I attended the men's Bible Study at the Princeton Alliance Church near Queenship of Mary this past Thursday night. I got an email (along with the other regulars) out of the blue from the leader, Barry, which said "We'll kick off this week with Chapter 6, verse 35." No mention of the book of the Bible, but I'm a Catholic, so I know my Scriptures!
What other 6:35 would you start a Bible Study session with? John 6:35. The "Bread of Heaven" discourse! At a non-denominational Bible Study! As a Catholic, I felt compelled to go.
We didn't get to the verses about eating and drinking the Body and Blood of Jesus Christ until the very end of the evening, because there was much more discussion (and disagreement) over some of the verses before those. "All that the Father gives me will come to me; and him who comes to me I will not cast out. ... No one can come to me unless the Father who sent me draws him; and I will raise him up at the last day." (John 6:37, 44) There was some discussion about predestination, why some people answer the call and others don't, whether God calls everyone or only some people.
My contribution to the discussion was to offer that God's desire that all men be saved (cf. 1 Timothy 2:4; 2 Peter 3:9) is distinct from His sovereign will. I argued that we have free will in this way: 1) sin is a transgression against God, thus 2) sin is a transgression against the will of God, so 3) God cannot command or will a person to sin because He would be willing against His will, so 4) our choice to sin is determined by our free will. God is not the author of sin, even though He is the author of those who sin.
It would be utterly contrary to His nature for God to will someone to not do His will. That's a paradox, plain and simple: in disobeying God, that man would be obeying God! Another way to come to the same conclusion comes from the words of Christ: "Not every one who says to me, 'Lord, Lord,' shall enter the kingdom of heaven, but he who does the will of my Father who is in heaven." (Matthew 7:21) If we have no free will, then that means we are all doing simply what God pre-ordained us to do: we are all doing God's will for us. That means all of us shall enter the kingdom of Heaven. That's absurd and is refuted soundly by Scripture. Thus, we have free will.
And again, we pray "Thy will be done". Why would we bother praying that if it's already being done?
God knows our free will decisions because He is God. He is outside of time, and so He knows what I'm doing before I go to bed, not because He commanded or willed it, but because He has already seen it by virtue of his omniscience.
With that out of the way, we finally moved onto John 6:53-58. I suggested that I was in the minority in my interpretation of these verses because I'm Catholic.
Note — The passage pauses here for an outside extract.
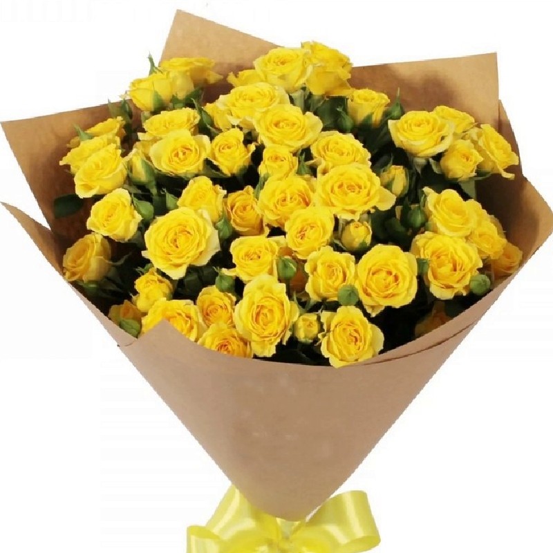 Букет состоит из 11 желтых кустовых роз, крафт, атласная лента.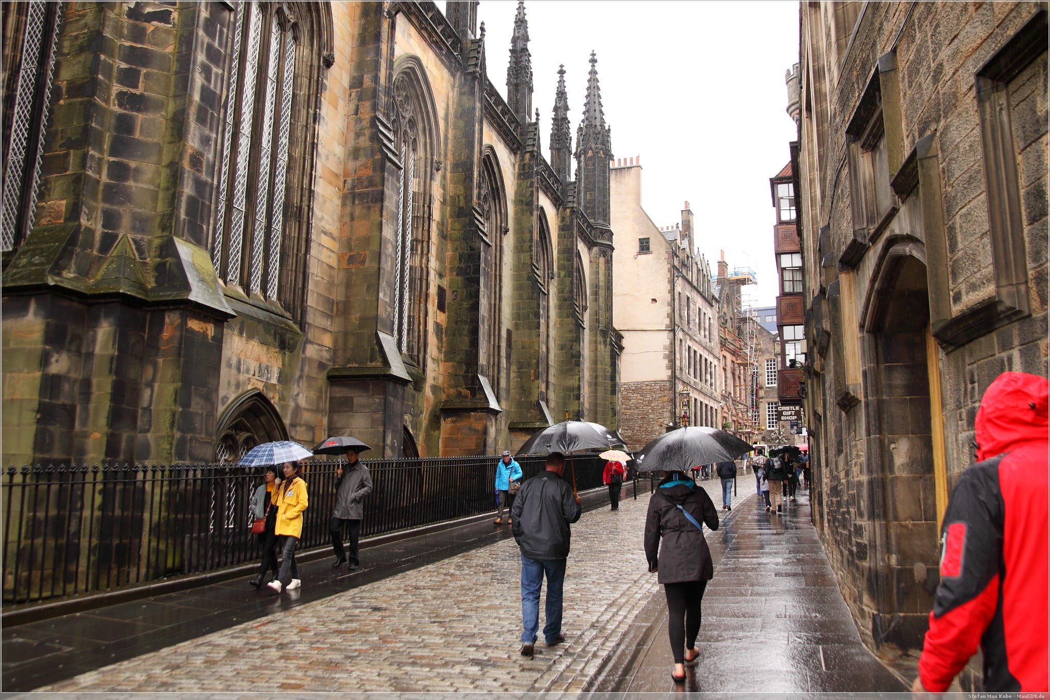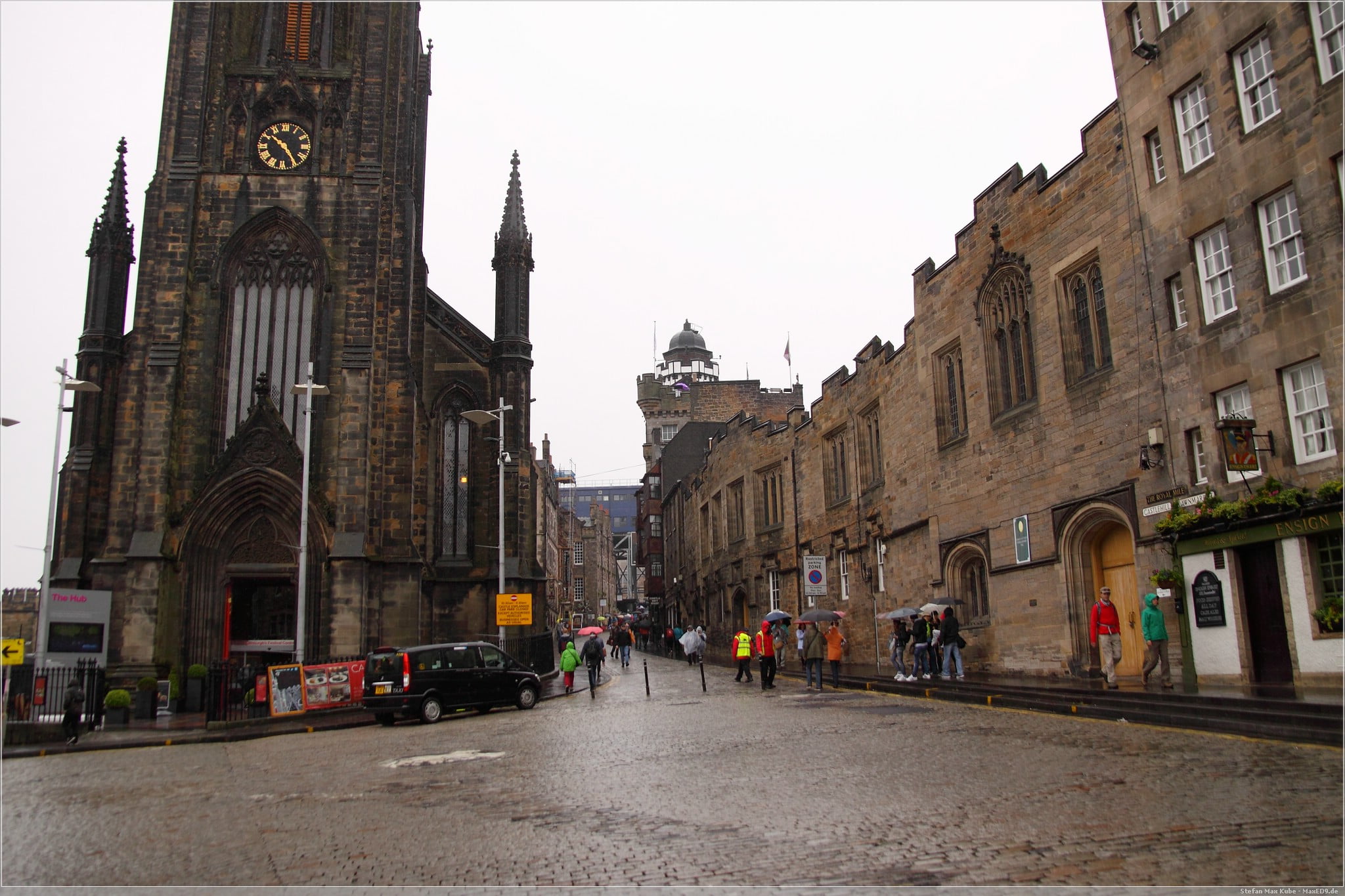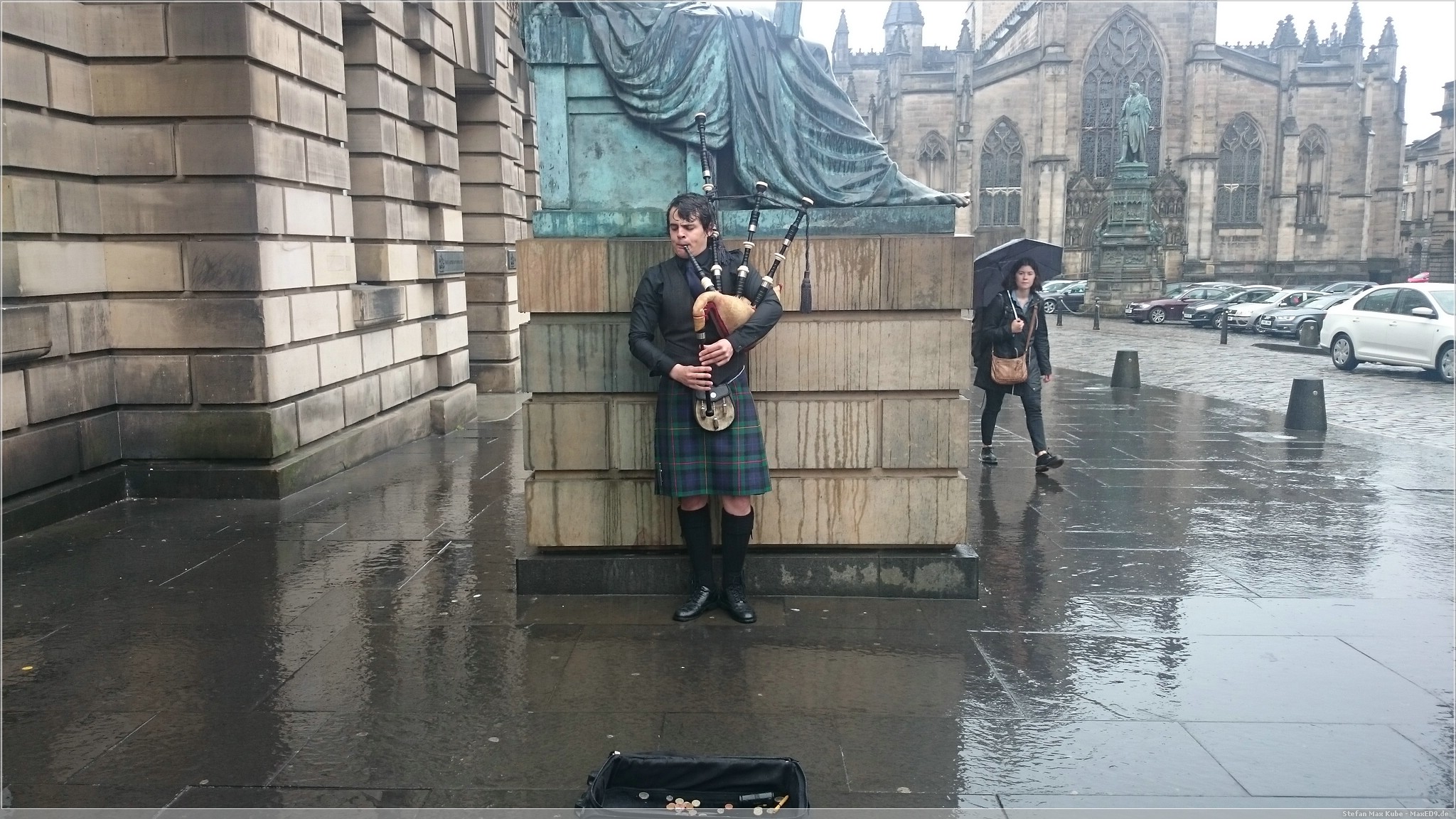 Aber bevor es zur Burg gehen sollte, wollten wir noch ein paar andere Dinge sehen und so ließen wir uns vom Regen nicht aufhalten und liefen unter anderem die Royal Mile entlang. In der Nähe der St. Giles‘ Cathedral trafen wir auch gleich auf eine typischen ‚Touristenattraktion‘, einen traditionellen Bagpiper.

Barry (who is such a gentle and kind man, and is newly engaged, so pray for him and his fiancée) asked me to give that Catholic interpretation.
So I did. I defended the Catholic teaching on the Eucharist several ways. I defended drinking Christ's blood against the commandment not to consume the blood of animals. I defended Christ's language, going from phago ("to consume" which could be philosophical, not physical) to trogo ("to gnaw", which is not used outside of the literal sense). I defended the context of this passage, which starts with the miraculous multiplication of fishes and loaves (a superabundance, an overabundance); which starts with mention of the Passover and ends with mention of Judas' future betrayal (as do the Last Supper accounts of the synoptic gospels). I defended the Church's "policy" on a "closed communion": receiving Holy Communion in the Catholic Church is a sign of being in Communion with the Church and all she teaches and professes to be true. I defended against the argument of "it is the Spirit that gives life; the flesh is of no avail", because Jesus does not say his flesh is of no avail, and the words that he spoke (which are Spirit and life) are quite plainly: "eat my flesh and drink my blood".
I also corrected a few misconceptions (voiced or not). The Church does not teach that Jesus becomes bread and wine: bread and wine become Jesus. The Church does not teach that mindless and rote consumption of Holy Communion saves us; on the contrary, she believes what St. Paul says on the subject, that those who receive unworthily receive condemnation! (cf. 1 Cor 11:27-30) I answered a question about whether a person has to receive Communion (such as a person who is baptized and dies before receiving Communion), although I didn't cite the Council of Trent (Session 21, Chapter IV).
We didn't finish the chapter, so I'll be going again next Thursday night for some "followup". Please pray for me, and pray for Barry, Steve, Kevin, Steve, John, Alan, Sidney, Joe, Yeol, and Gary.